[Data extracted from a collection]
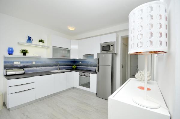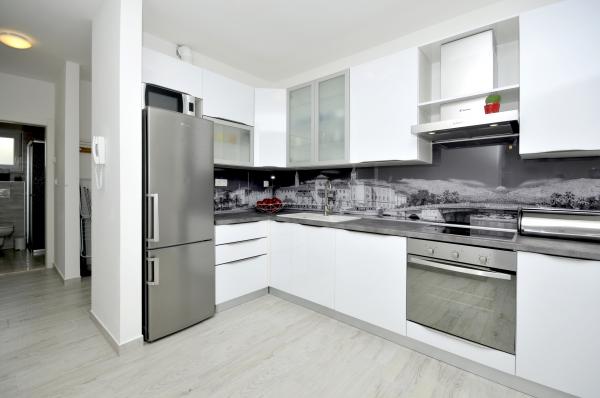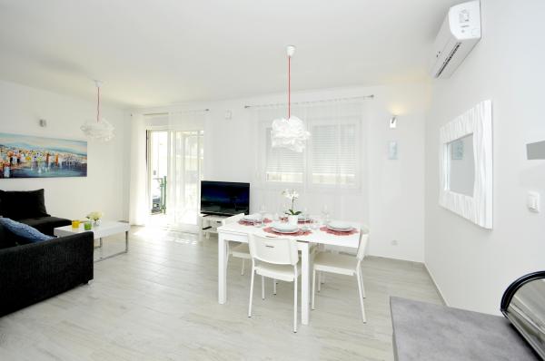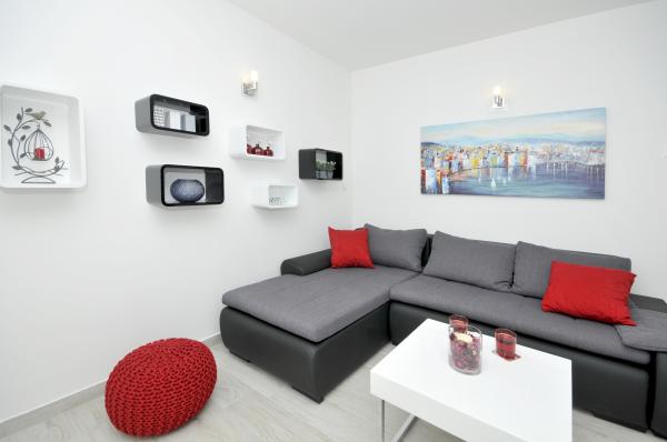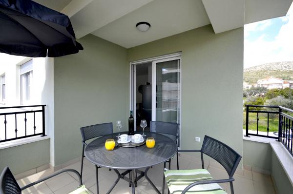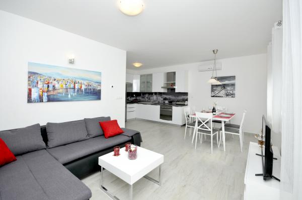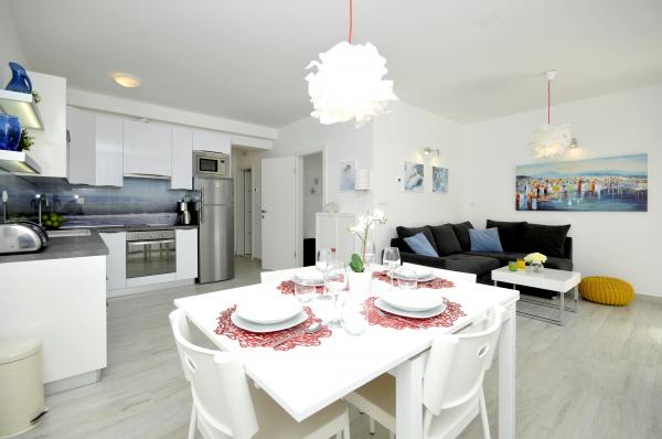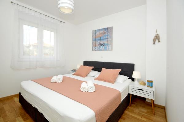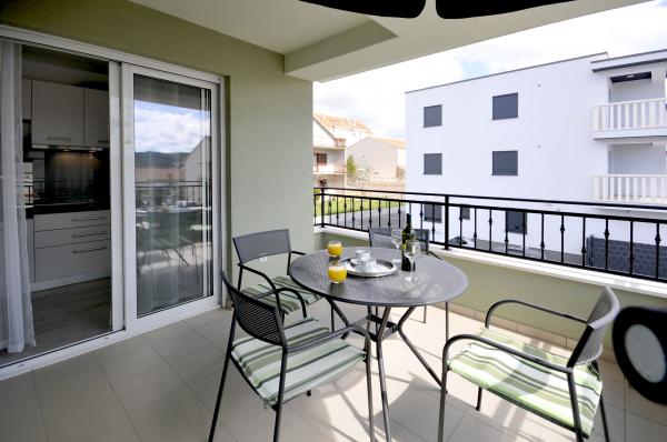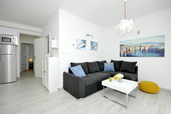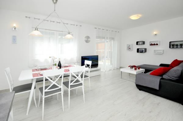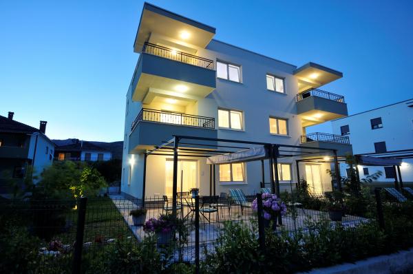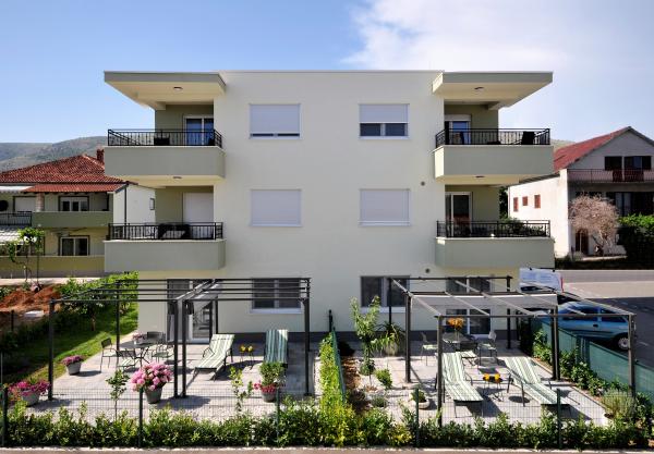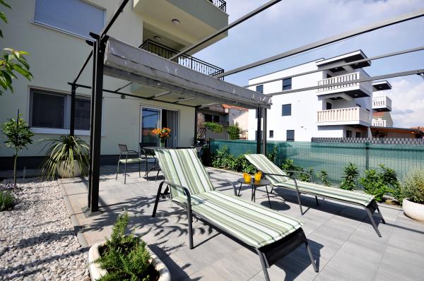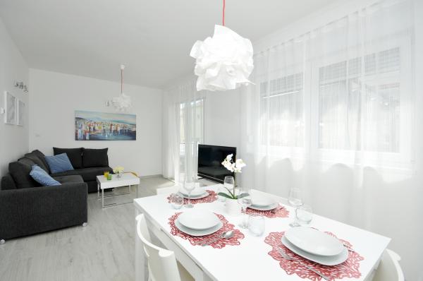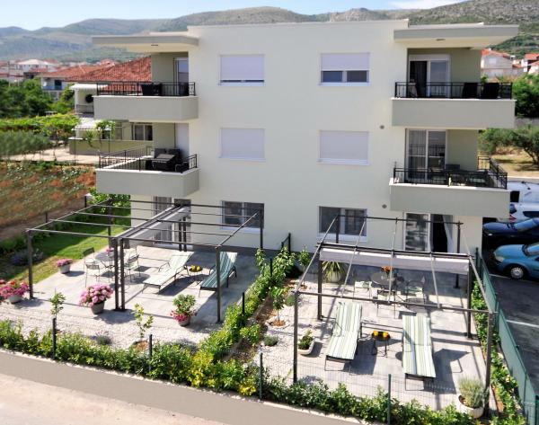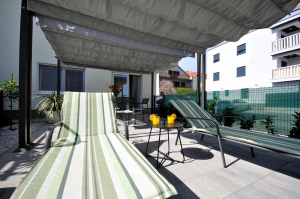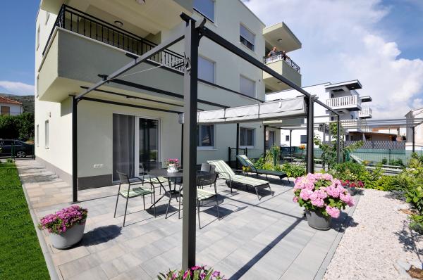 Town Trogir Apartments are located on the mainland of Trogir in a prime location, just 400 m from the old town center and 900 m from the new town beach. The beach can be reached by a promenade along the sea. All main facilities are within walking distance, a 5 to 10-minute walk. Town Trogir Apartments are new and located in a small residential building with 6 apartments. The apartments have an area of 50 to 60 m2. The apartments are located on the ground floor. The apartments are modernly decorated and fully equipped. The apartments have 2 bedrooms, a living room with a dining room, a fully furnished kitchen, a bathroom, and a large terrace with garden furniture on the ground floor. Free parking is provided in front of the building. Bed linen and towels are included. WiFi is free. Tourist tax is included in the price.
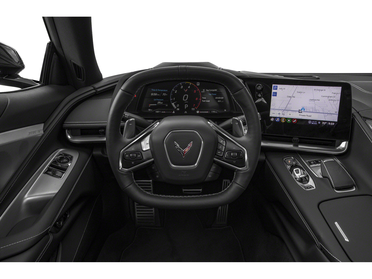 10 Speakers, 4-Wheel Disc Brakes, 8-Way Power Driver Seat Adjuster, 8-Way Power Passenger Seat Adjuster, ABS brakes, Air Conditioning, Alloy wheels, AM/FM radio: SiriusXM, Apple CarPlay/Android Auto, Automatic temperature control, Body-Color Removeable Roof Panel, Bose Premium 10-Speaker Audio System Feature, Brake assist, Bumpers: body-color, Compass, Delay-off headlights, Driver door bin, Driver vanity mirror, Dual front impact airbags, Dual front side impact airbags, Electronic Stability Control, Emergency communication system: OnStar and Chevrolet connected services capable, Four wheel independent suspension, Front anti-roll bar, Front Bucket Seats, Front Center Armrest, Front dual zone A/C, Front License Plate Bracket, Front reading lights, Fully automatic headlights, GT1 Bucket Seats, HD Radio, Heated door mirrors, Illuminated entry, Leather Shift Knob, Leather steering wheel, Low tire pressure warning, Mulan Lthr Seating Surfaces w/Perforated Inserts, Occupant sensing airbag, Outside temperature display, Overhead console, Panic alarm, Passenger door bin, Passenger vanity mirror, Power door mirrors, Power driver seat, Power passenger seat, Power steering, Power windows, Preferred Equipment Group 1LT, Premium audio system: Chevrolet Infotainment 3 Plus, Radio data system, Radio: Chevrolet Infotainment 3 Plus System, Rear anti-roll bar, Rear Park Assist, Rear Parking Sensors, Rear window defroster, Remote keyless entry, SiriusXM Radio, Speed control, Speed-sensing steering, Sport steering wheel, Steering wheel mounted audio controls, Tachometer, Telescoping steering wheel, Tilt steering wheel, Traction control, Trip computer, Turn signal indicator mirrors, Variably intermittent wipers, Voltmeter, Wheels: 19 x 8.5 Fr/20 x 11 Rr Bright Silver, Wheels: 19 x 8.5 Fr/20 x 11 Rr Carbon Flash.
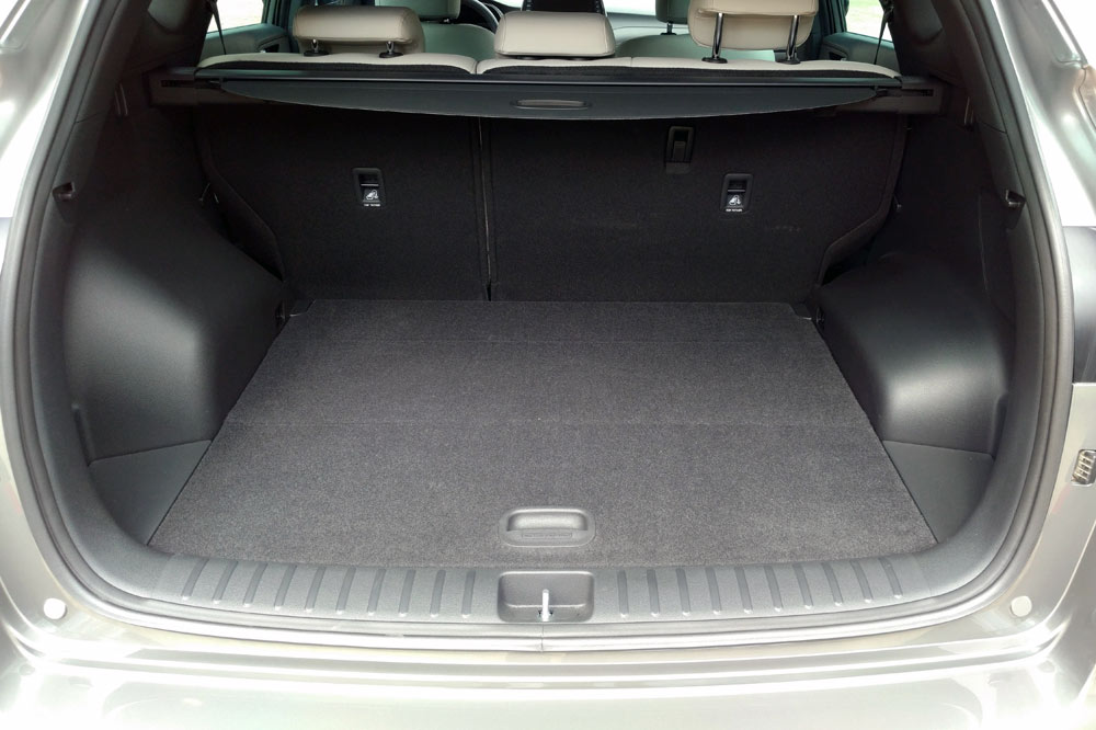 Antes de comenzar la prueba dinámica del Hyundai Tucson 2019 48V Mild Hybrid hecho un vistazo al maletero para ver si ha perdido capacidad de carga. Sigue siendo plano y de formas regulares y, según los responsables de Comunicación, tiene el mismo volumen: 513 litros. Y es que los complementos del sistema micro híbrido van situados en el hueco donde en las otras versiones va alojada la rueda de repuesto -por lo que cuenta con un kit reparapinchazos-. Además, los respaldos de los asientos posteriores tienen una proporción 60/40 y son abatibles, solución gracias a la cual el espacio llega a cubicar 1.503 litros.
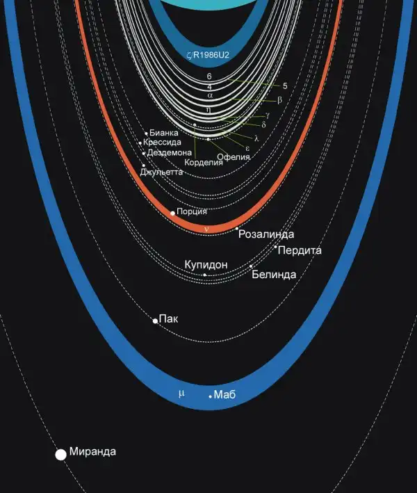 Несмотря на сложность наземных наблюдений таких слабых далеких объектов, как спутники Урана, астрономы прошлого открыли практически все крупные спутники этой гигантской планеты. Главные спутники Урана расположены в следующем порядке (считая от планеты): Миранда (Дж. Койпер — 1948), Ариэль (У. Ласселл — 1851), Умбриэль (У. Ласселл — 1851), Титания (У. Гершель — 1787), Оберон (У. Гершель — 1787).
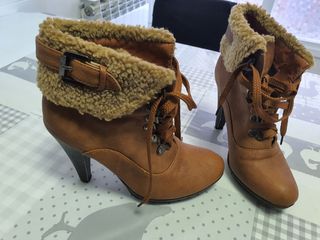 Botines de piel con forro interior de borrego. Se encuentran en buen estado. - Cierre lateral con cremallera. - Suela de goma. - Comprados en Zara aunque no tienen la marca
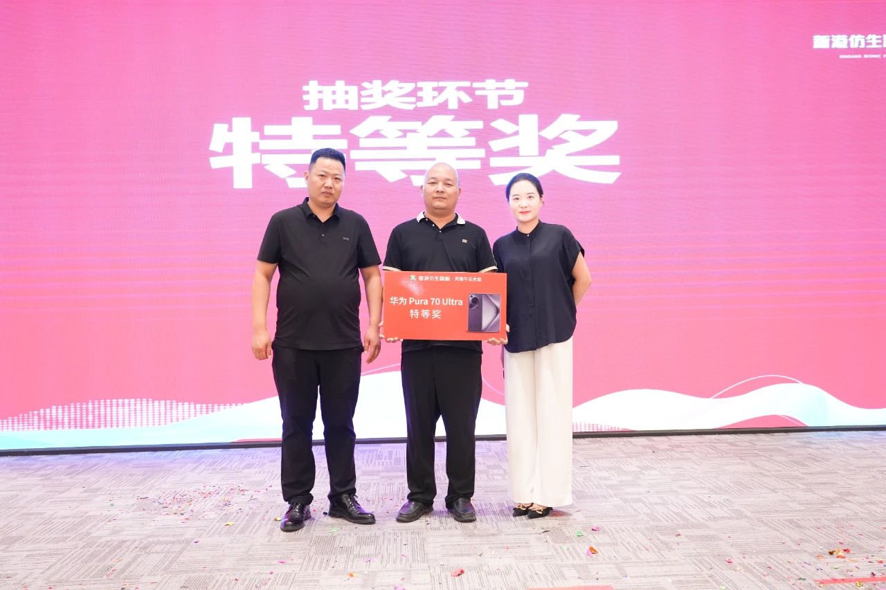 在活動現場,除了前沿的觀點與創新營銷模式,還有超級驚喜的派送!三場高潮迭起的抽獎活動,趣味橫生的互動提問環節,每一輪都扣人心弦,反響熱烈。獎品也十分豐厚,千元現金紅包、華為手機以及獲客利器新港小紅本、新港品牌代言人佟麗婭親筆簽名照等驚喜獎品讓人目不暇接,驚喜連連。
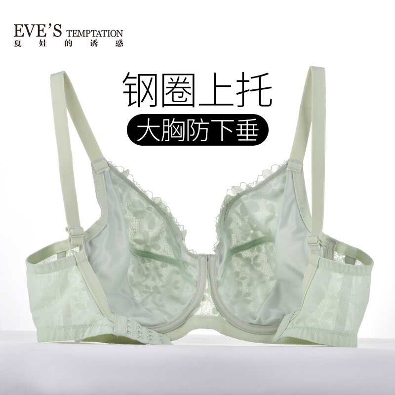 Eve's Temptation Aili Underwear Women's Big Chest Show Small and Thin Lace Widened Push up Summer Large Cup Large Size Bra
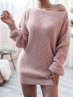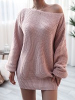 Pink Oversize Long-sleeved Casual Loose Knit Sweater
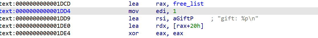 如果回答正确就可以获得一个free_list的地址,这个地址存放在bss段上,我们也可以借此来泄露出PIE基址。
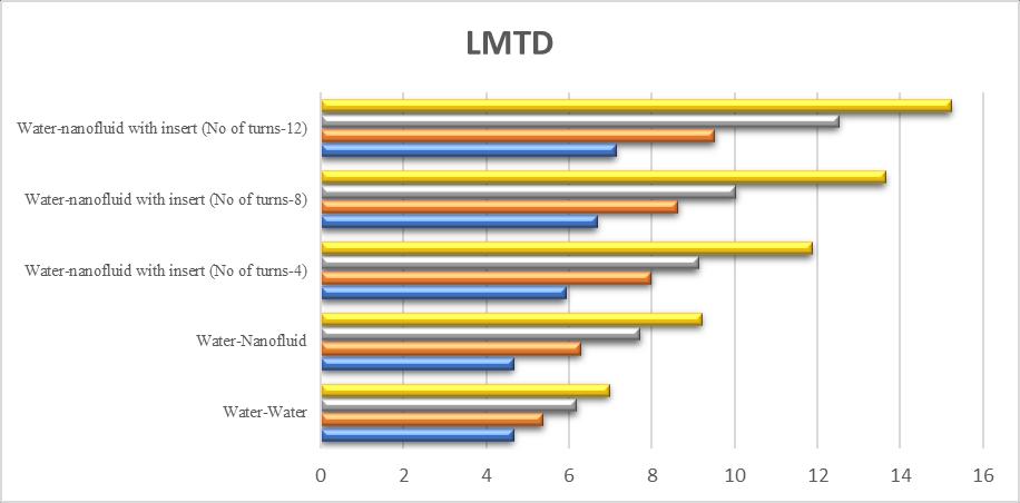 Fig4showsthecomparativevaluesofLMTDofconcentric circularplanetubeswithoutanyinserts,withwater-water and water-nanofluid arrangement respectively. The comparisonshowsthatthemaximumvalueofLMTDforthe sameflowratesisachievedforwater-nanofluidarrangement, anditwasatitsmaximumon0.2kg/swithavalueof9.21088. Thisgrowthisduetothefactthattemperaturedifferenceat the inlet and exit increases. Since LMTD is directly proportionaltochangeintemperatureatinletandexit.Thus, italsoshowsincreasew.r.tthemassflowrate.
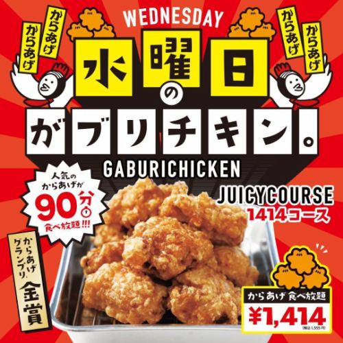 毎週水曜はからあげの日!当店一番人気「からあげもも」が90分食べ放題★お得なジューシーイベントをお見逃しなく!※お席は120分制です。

*ABOUT THIS EXERCISE:* Every line of the records above should be copied exactly, while the pictures are left behind.

*ANSWER TO THIS TASK:*
 Town Trogir Apartments are located on the mainland of Trogir in a prime location, just 400 m from the old town center and 900 m from the new town beach. The beach can be reached by a promenade along the sea. All main facilities are within walking distance, a 5 to 10-minute walk. Town Trogir Apartments are new and located in a small residential building with 6 apartments. The apartments have an area of 50 to 60 m2. The apartments are located on the ground floor. The apartments are modernly decorated and fully equipped. The apartments have 2 bedrooms, a living room with a dining room, a fully furnished kitchen, a bathroom, and a large terrace with garden furniture on the ground floor. Free parking is provided in front of the building. Bed linen and towels are included. WiFi is free. Tourist tax is included in the price.
 10 Speakers, 4-Wheel Disc Brakes, 8-Way Power Driver Seat Adjuster, 8-Way Power Passenger Seat Adjuster, ABS brakes, Air Conditioning, Alloy wheels, AM/FM radio: SiriusXM, Apple CarPlay/Android Auto, Automatic temperature control, Body-Color Removeable Roof Panel, Bose Premium 10-Speaker Audio System Feature, Brake assist, Bumpers: body-color, Compass, Delay-off headlights, Driver door bin, Driver vanity mirror, Dual front impact airbags, Dual front side impact airbags, Electronic Stability Control, Emergency communication system: OnStar and Chevrolet connected services capable, Four wheel independent suspension, Front anti-roll bar, Front Bucket Seats, Front Center Armrest, Front dual zone A/C, Front License Plate Bracket, Front reading lights, Fully automatic headlights, GT1 Bucket Seats, HD Radio, Heated door mirrors, Illuminated entry, Leather Shift Knob, Leather steering wheel, Low tire pressure warning, Mulan Lthr Seating Surfaces w/Perforated Inserts, Occupant sensing airbag, Outside temperature display, Overhead console, Panic alarm, Passenger door bin, Passenger vanity mirror, Power door mirrors, Power driver seat, Power passenger seat, Power steering, Power windows, Preferred Equipment Group 1LT, Premium audio system: Chevrolet Infotainment 3 Plus, Radio data system, Radio: Chevrolet Infotainment 3 Plus System, Rear anti-roll bar, Rear Park Assist, Rear Parking Sensors, Rear window defroster, Remote keyless entry, SiriusXM Radio, Speed control, Speed-sensing steering, Sport steering wheel, Steering wheel mounted audio controls, Tachometer, Telescoping steering wheel, Tilt steering wheel, Traction control, Trip computer, Turn signal indicator mirrors, Variably intermittent wipers, Voltmeter, Wheels: 19 x 8.5 Fr/20 x 11 Rr Bright Silver, Wheels: 19 x 8.5 Fr/20 x 11 Rr Carbon Flash.
 Antes de comenzar la prueba dinámica del Hyundai Tucson 2019 48V Mild Hybrid hecho un vistazo al maletero para ver si ha perdido capacidad de carga. Sigue siendo plano y de formas regulares y, según los responsables de Comunicación, tiene el mismo volumen: 513 litros. Y es que los complementos del sistema micro híbrido van situados en el hueco donde en las otras versiones va alojada la rueda de repuesto -por lo que cuenta con un kit reparapinchazos-. Además, los respaldos de los asientos posteriores tienen una proporción 60/40 y son abatibles, solución gracias a la cual el espacio llega a cubicar 1.503 litros.
 Несмотря на сложность наземных наблюдений таких слабых далеких объектов, как спутники Урана, астрономы прошлого открыли практически все крупные спутники этой гигантской планеты. Главные спутники Урана расположены в следующем порядке (считая от планеты): Миранда (Дж. Койпер — 1948), Ариэль (У. Ласселл — 1851), Умбриэль (У. Ласселл — 1851), Титания (У. Гершель — 1787), Оберон (У. Гершель — 1787).
 Botines de piel con forro interior de borrego. Se encuentran en buen estado. - Cierre lateral con cremallera. - Suela de goma. - Comprados en Zara aunque no tienen la marca
 在活動現場,除了前沿的觀點與創新營銷模式,還有超級驚喜的派送!三場高潮迭起的抽獎活動,趣味橫生的互動提問環節,每一輪都扣人心弦,反響熱烈。獎品也十分豐厚,千元現金紅包、華為手機以及獲客利器新港小紅本、新港品牌代言人佟麗婭親筆簽名照等驚喜獎品讓人目不暇接,驚喜連連。
 Eve's Temptation Aili Underwear Women's Big Chest Show Small and Thin Lace Widened Push up Summer Large Cup Large Size Bra
 Pink Oversize Long-sleeved Casual Loose Knit Sweater
 如果回答正确就可以获得一个free_list的地址,这个地址存放在bss段上,我们也可以借此来泄露出PIE基址。
 Fig4showsthecomparativevaluesofLMTDofconcentric circularplanetubeswithoutanyinserts,withwater-water and water-nanofluid arrangement respectively. The comparisonshowsthatthemaximumvalueofLMTDforthe sameflowratesisachievedforwater-nanofluidarrangement, anditwasatitsmaximumon0.2kg/swithavalueof9.21088. Thisgrowthisduetothefactthattemperaturedifferenceat the inlet and exit increases. Since LMTD is directly proportionaltochangeintemperatureatinletandexit.Thus, italsoshowsincreasew.r.tthemassflowrate.
 毎週水曜はからあげの日!当店一番人気「からあげもも」が90分食べ放題★お得なジューシーイベントをお見逃しなく!※お席は120分制です。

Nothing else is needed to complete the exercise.